### What the exercise asks
Reproduce word for word the lines from the beginning of the entries to the line with "large bearing area.", both included, but none of the pictures.
Given information Start Marker
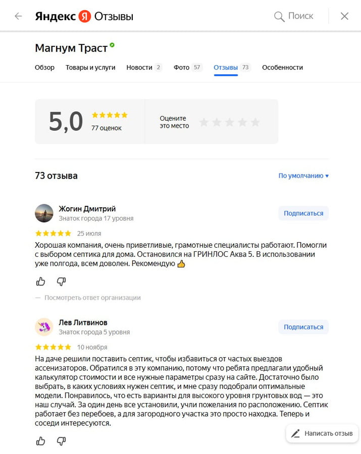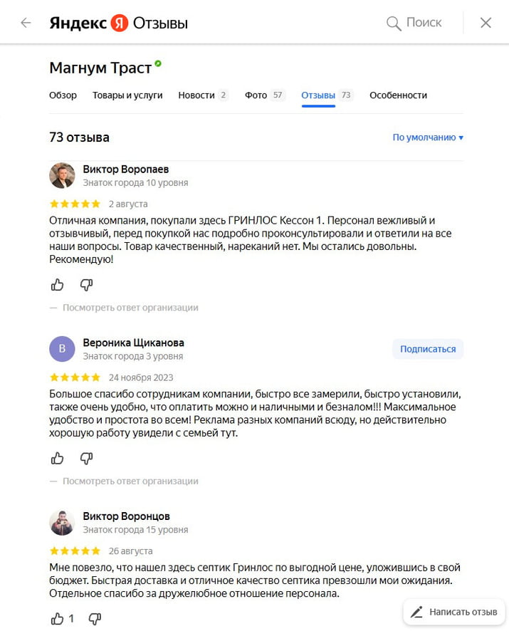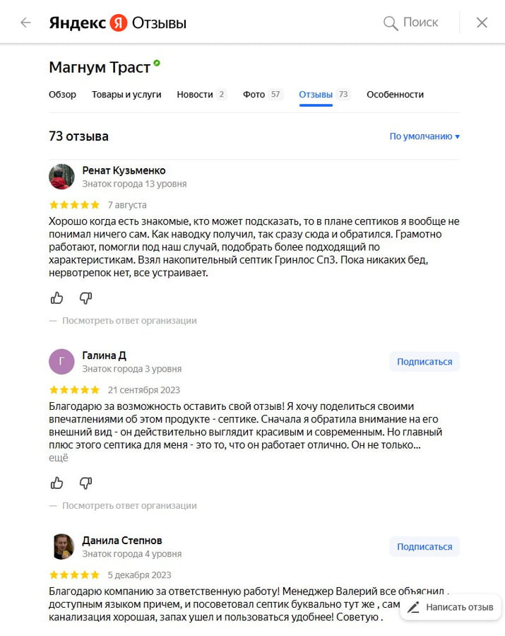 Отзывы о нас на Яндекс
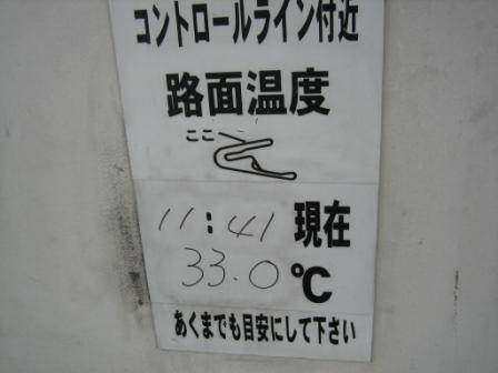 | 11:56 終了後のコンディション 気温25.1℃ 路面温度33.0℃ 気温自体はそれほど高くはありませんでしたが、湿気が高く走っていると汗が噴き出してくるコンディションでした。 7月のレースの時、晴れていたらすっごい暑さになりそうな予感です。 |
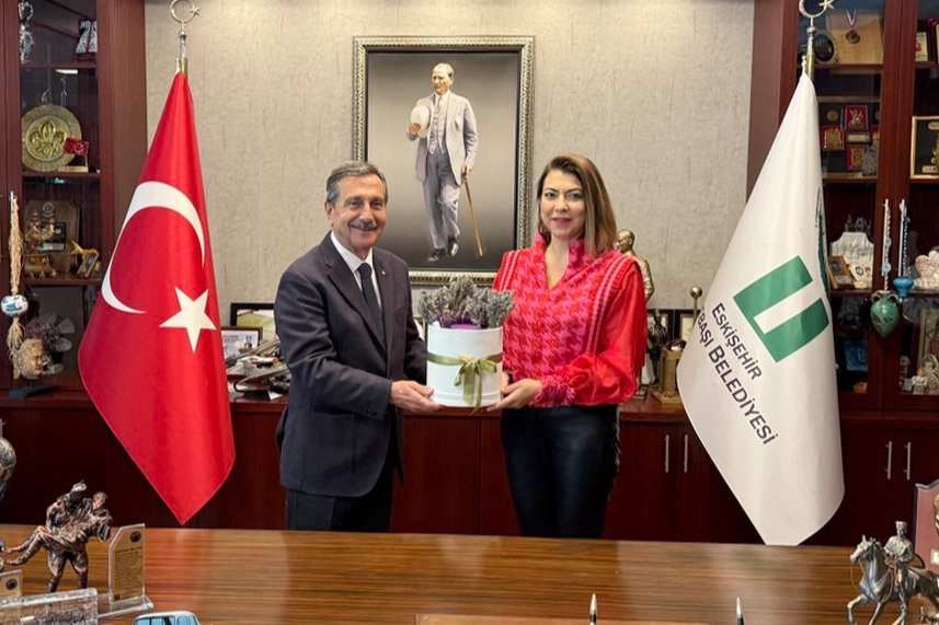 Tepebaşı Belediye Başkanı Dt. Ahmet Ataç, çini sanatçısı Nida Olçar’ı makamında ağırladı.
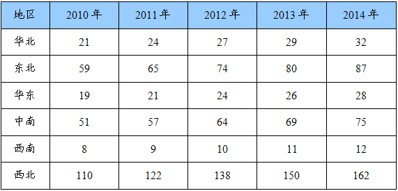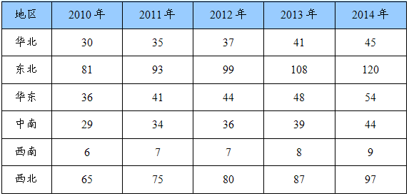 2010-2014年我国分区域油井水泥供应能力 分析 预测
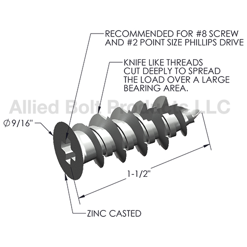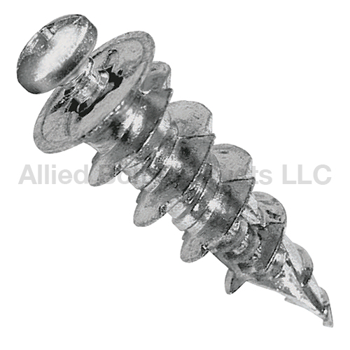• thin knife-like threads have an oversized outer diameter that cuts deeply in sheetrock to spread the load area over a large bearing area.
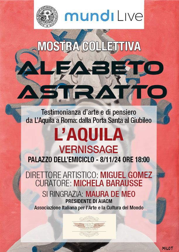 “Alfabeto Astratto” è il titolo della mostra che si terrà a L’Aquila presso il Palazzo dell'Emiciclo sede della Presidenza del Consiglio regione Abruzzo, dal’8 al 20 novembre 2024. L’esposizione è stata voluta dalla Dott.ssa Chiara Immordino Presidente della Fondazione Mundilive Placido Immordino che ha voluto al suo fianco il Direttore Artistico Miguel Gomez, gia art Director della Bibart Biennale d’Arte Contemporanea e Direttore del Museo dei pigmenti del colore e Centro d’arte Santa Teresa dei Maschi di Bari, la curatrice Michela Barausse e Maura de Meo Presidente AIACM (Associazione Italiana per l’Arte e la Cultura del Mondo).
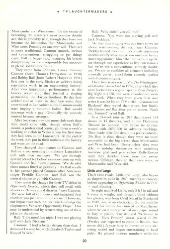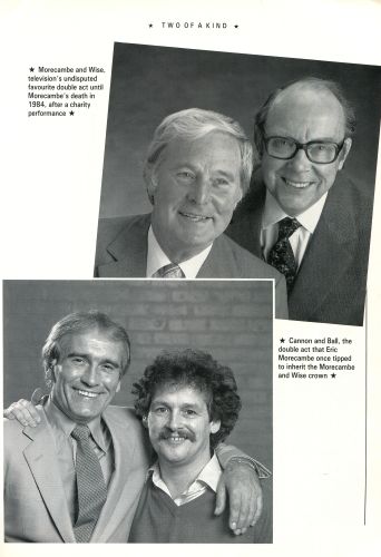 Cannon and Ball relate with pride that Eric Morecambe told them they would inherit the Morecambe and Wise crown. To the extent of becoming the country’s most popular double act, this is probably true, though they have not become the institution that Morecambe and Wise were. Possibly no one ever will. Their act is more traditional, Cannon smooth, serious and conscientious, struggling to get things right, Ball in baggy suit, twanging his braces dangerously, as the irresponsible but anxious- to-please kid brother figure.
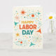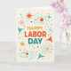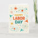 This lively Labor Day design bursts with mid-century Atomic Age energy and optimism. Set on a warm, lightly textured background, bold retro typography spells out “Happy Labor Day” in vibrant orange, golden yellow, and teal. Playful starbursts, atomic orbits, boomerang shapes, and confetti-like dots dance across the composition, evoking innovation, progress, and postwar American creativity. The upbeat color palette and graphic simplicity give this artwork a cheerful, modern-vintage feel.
Given information End Marker
### Exercise solution
 Отзывы о нас на Яндекс
 | 11:56 終了後のコンディション 気温25.1℃ 路面温度33.0℃ 気温自体はそれほど高くはありませんでしたが、湿気が高く走っていると汗が噴き出してくるコンディションでした。 7月のレースの時、晴れていたらすっごい暑さになりそうな予感です。 |
 Tepebaşı Belediye Başkanı Dt. Ahmet Ataç, çini sanatçısı Nida Olçar’ı makamında ağırladı.
 2010-2014年我国分区域油井水泥供应能力 分析 预测
• thin knife-like threads have an oversized outer diameter that cuts deeply in sheetrock to spread the load area over a large bearing area.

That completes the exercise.